The Bucherer reaction in organic chemistry is the reversible conversion of a naphthol to a naphthylamine in the presence of ammonia and sodium bisulfite.  The reaction is widely used in the synthesis of dye precursors aminonaphthalenesulfonic acids.

C10H7-2-OH  +  NH3      C10H7-2-NH2  +  H2O

The French chemist Robert Lepetit was the first to discover the reaction in 1898.  The German chemist Hans Theodor Bucherer (1869–1949) discovered (independent from Lepetit) its reversibility and its potential especially in industrial chemistry. Bucherer published his results in 1904 and his name is connected to this reaction. The organic reaction also goes by the name Bucherer-Lepetit reaction or (wrongly) the Bucherer-Le Petit reaction.

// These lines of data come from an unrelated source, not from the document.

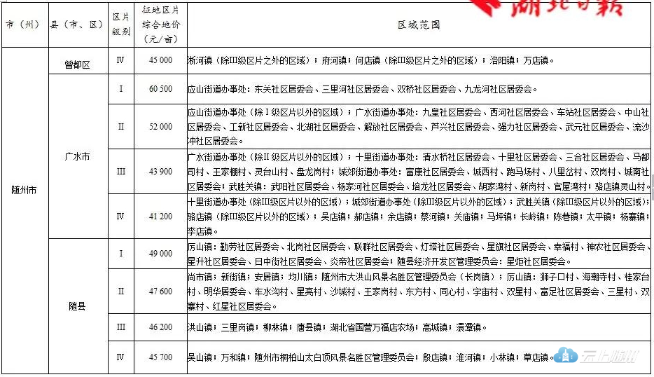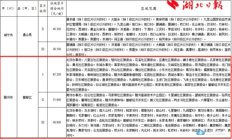 新一轮的《湖北省征地区片综合地价标准》,明确各县(市、区)的征地区片级别、价格及区域范围。此次调整,采用仅制定征地区片综合地价,不再保留统一年产值标准的方式,包括土地补偿费、安置补助费两部分,不包括地上附着物和青苗补偿费等。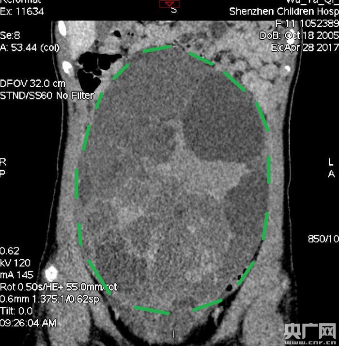 小琪來自粵東農(nóng)村,因?yàn)樽晕腋杏X腹痛1天,于是在父母的陪伴下來到深圳市兒童醫(yī)院就診。門診醫(yī)生一眼就發(fā)現(xiàn)孩子的腹部異常隆起,仿佛懷孕數(shù)月的孕婦一般。經(jīng)過超聲檢查,發(fā)現(xiàn)小琪腹部巨大占位性病變。醫(yī)生考慮為腹腔巨大腫瘤,立即將小琪收入普外一科住院。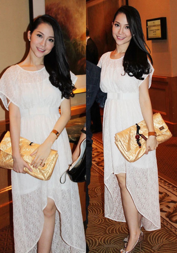 | Linh Nga trông rất yêu kiều và điệu đà với chiếc váy ren trắng đuôi tôm. Thêm chiếc ví cầm tay vàng nổi bật và mái tóc một bên vai dịu dàng, cô càng cuốn hút và nổi bật. |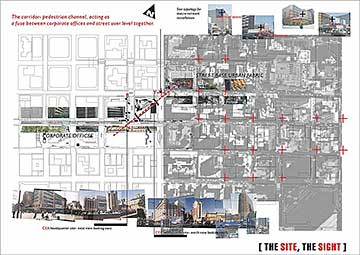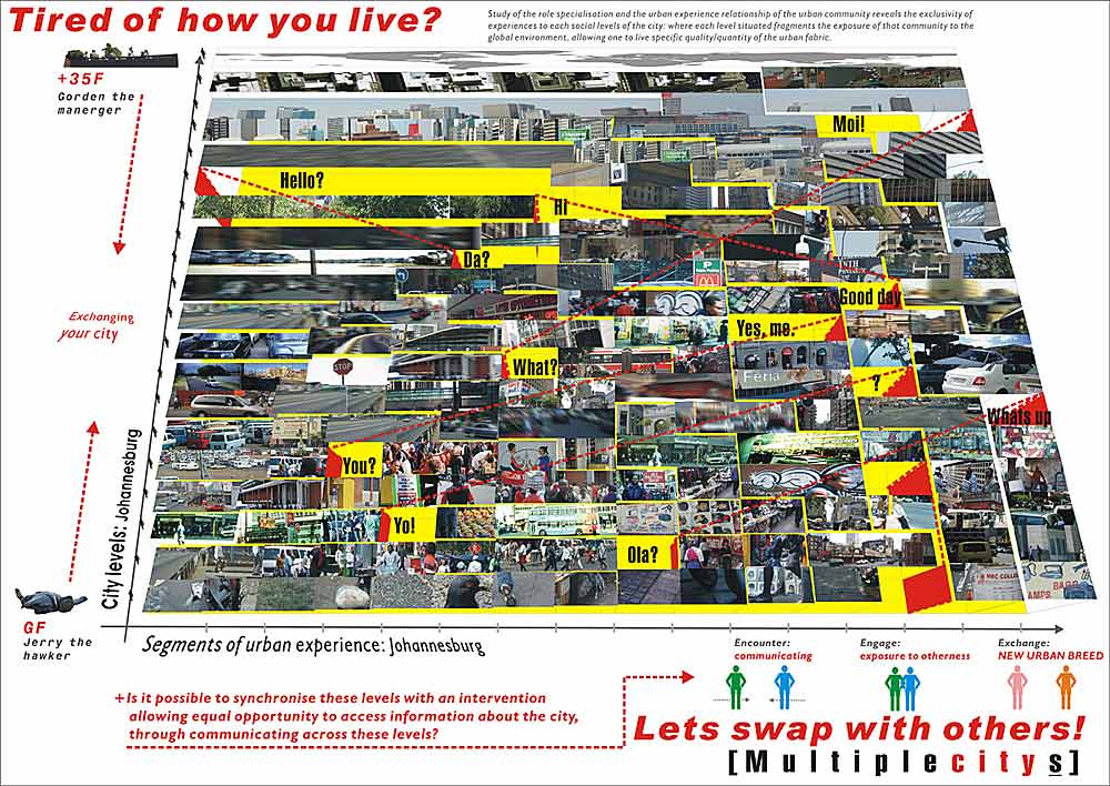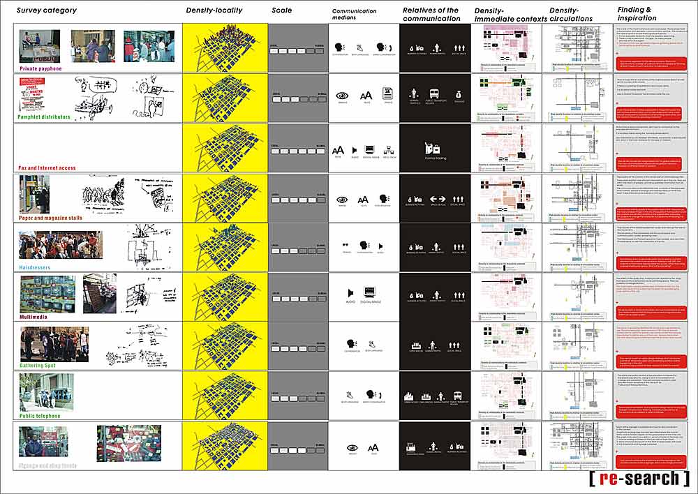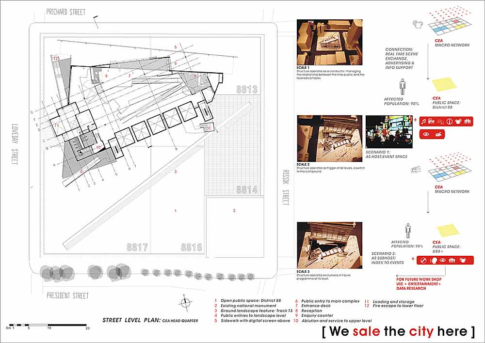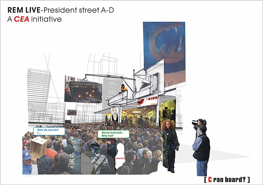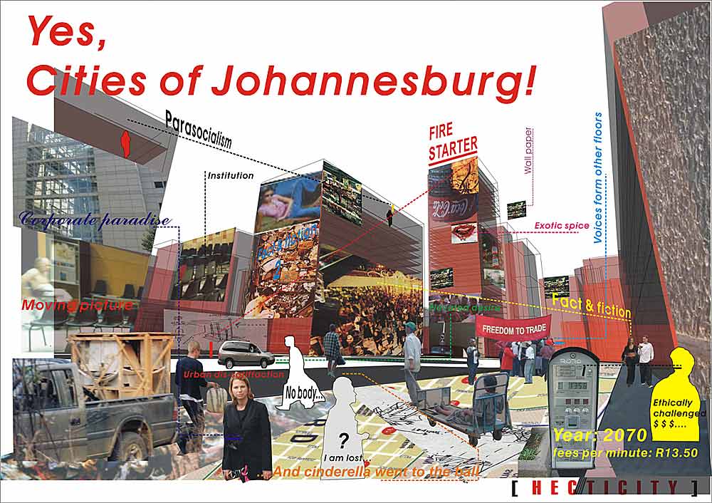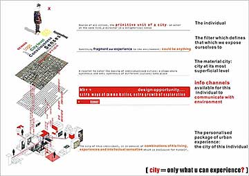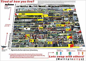 Infoband - City Event Agency Part 2 Project 2003 Pin Wei Dylan Kuo University of the Witwatersrand Johannesburg | South Africa Looking at city as collages of personalised experiences, this project is investigating the potentials to energise the city of Johannesburg, by expanding the variety of living experiences through info-networking different levels of urban community. An urban communication network- CEA, acting as urban event developer, operating to promote public events as median to integrate different social levels within Johannesburg. This approach leads to the design of info-communication installations at varies scale, which are capable to deliver information, record and broadcast live scenes to be infiltrated into different social levels, stimulating real time social exchange across different communities. The point of departure for this thesis project was the problematisation of the city as an intense web of overlapping information and communication circuits. The student devised ways of mapping these, from the most local (cardboard placards advertising hairdressing salons in the upper stories of buildings, leaflets offering urban services etc.) to circuits of more global reach (telephone pay stations, internet cafes etc.). The design component of the project was a “motherboard”, a City Event Agency, through which these circuits could be augmented and amplified, and creating a new public space in the city, as an element of urban renewal. Satellite, parasitic electronic notice boards were located throughout the city, giving access to its information.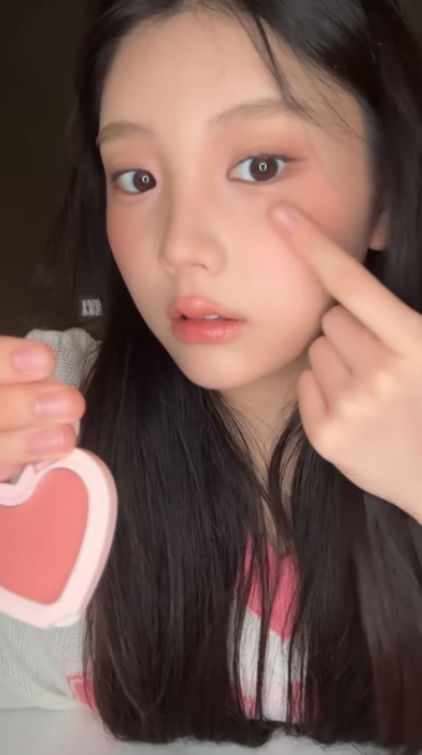 작은 손 안에 블러셔들이 다 들어가지 않을 정도로 꽤 많은 잇템들을 휴대해 다니는 원희! 그녀가 픽한 블러셔는 페리페라 맑게 물든 선샤인 치크 27, 롬앤 베러댄치크 애브리콧 밀크, 크리니크 치크팝 누드팝 이었는데요. 영상을 촬영한 당일에 바른 제품은 에이오유 보들 촉촉 크림 블러셔 였다고. 장난감스러운 하트 패키지가 소장 욕구를 자극하죠?

The reaction is used to convert 1,7-dihydroxynaphthalene into 7-amino-1-naphthol and 1-aminonaphthalene-4-sulfonic acid into 1-hydroxynaphthalene-4-sulfonic acid. It is also useful for transamination reactions of 2-aminonaphthalenes.

Mechanism
In the first step of the reaction mechanism a proton adds to a carbon atom with high electron density therefore by preference to C2 or C4 of naphthol (1). This leads to resonance stabilized adducts 1a-1e.

De-aromatization of the first ring of the naphthalene system occurs at the expense of 25 kcal/mol. In the next step a bisulfite anion adds to C3 through 1e. This results in the formation of 3a which tautomerizes to the more stable 3b to the sulfonic acid of tetralone. A nucleophilic addition follows of the amine with formation of 4a and its tautomer 4b loses water to form the resonance stabilized cation 5a. This compound is deprotonated to the imine 5b or the enamine 5c but an equilibrium exists between both species. The enamine eliminates sodium bisulfite with formation of naphthylamine 6.

It is important to stress that this is a reversible reaction. The reaction is summarized as follows:

The Bucherer carbazole synthesis is a related reaction.